> What needs to be done: Of the entries below, return exactly those lines that fall between the one containing "Iridescent Tech Fusion" and the one containing "剩M/XL/XXL 米思阳2", the two end lines included.

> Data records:
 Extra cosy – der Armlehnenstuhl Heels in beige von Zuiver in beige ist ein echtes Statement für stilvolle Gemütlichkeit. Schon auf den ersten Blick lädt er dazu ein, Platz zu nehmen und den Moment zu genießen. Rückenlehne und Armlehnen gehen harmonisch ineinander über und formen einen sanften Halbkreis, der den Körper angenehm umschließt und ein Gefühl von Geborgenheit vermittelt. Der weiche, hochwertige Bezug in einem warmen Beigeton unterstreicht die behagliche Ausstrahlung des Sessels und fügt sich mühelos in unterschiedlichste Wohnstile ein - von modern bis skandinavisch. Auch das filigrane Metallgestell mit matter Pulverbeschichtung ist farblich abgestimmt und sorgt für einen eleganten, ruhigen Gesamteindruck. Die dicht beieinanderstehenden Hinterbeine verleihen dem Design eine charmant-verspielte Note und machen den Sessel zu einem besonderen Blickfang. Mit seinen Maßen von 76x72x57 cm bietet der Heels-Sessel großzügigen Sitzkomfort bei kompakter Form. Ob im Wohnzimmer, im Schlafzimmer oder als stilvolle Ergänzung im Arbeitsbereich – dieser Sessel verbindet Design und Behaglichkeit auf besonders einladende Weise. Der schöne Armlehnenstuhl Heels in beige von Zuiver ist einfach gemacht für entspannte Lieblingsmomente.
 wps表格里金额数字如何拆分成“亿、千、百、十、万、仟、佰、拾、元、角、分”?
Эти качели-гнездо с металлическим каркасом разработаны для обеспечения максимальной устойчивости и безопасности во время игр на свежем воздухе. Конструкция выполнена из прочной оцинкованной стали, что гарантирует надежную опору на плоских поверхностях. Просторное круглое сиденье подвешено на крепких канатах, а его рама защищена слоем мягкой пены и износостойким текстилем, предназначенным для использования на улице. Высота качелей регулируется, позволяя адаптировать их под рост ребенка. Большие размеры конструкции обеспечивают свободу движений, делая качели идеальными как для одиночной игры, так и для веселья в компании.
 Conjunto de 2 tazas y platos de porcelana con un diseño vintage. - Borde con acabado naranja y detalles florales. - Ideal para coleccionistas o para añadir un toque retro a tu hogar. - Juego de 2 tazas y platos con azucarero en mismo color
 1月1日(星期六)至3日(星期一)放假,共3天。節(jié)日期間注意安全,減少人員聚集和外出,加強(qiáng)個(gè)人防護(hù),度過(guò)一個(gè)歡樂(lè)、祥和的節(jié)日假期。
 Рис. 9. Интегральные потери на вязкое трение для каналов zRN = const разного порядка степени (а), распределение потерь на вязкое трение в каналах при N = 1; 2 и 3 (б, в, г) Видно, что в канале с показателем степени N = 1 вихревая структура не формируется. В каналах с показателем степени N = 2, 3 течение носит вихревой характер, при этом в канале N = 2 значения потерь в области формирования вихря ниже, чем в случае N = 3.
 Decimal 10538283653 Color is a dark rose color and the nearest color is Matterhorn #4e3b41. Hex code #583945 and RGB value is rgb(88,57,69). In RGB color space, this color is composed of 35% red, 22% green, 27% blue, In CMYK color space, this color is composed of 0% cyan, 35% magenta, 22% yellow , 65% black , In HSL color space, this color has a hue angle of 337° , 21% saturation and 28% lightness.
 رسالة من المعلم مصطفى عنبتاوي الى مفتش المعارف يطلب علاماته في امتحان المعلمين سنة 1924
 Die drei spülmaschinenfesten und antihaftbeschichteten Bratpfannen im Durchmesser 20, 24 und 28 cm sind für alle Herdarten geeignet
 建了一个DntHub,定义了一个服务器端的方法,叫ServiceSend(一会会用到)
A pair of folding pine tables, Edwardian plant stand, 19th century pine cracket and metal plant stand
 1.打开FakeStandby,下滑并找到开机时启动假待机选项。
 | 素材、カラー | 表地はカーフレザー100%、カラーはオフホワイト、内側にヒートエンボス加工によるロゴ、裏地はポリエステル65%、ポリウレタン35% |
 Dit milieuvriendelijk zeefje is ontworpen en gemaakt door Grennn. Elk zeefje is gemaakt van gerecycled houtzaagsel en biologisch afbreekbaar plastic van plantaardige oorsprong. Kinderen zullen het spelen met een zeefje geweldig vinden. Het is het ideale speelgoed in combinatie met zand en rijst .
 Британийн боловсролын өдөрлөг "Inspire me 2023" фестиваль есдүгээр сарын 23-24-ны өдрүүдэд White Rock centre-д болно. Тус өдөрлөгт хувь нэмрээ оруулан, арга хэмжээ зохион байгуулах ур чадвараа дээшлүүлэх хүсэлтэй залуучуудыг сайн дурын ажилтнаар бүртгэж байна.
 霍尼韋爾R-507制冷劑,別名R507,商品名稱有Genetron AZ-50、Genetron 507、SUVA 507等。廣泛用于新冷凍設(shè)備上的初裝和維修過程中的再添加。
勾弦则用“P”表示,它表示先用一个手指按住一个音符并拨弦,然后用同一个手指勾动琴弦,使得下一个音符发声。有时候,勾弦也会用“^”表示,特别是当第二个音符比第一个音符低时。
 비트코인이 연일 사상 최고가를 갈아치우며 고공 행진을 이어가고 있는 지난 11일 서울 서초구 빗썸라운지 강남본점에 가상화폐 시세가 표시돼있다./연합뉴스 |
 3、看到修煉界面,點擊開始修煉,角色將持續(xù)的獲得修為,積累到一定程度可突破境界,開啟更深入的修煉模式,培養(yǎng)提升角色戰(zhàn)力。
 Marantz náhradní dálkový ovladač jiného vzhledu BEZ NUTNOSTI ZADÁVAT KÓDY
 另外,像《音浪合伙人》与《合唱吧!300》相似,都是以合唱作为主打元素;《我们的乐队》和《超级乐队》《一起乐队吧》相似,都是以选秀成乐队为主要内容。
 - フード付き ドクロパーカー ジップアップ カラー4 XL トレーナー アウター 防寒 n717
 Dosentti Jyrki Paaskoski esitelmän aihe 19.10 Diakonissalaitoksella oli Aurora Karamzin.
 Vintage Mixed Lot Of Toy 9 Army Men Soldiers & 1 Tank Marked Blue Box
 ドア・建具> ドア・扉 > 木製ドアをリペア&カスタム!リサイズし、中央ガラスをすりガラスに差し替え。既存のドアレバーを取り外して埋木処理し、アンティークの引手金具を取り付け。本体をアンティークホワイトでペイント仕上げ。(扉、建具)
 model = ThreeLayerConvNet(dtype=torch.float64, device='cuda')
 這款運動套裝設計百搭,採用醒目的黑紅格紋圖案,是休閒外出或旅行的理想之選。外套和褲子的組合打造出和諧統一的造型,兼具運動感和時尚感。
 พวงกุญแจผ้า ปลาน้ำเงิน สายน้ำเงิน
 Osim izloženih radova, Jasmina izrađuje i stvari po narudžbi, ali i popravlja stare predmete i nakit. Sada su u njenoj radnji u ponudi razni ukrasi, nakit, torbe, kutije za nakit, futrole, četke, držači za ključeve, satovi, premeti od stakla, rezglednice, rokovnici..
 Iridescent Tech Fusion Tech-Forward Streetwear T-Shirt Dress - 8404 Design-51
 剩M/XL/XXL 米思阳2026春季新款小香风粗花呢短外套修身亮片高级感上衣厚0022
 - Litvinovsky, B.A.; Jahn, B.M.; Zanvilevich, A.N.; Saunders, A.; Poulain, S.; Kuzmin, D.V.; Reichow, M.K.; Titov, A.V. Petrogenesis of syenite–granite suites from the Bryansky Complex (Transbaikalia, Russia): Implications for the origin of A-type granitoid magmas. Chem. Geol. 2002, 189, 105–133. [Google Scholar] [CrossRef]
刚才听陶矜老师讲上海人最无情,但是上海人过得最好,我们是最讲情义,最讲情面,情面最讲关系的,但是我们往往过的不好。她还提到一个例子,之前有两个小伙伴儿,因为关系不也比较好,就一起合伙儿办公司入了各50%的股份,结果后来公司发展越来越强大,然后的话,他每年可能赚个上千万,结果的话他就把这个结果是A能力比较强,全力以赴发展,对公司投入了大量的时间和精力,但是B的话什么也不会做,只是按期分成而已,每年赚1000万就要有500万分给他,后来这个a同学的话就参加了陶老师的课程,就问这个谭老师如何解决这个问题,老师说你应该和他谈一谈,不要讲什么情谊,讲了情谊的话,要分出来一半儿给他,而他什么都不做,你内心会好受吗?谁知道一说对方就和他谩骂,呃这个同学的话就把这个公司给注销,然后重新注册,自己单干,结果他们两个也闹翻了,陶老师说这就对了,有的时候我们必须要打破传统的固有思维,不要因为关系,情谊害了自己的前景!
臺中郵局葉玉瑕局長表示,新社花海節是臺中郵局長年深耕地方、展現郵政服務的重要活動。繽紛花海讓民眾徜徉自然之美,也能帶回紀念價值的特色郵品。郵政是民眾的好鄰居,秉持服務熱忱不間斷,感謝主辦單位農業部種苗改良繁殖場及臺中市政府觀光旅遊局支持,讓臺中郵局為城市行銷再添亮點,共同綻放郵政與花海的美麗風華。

> Exercise response:
 Iridescent Tech Fusion Tech-Forward Streetwear T-Shirt Dress - 8404 Design-51
 剩M/XL/XXL 米思阳2026春季新款小香风粗花呢短外套修身亮片高级感上衣厚0022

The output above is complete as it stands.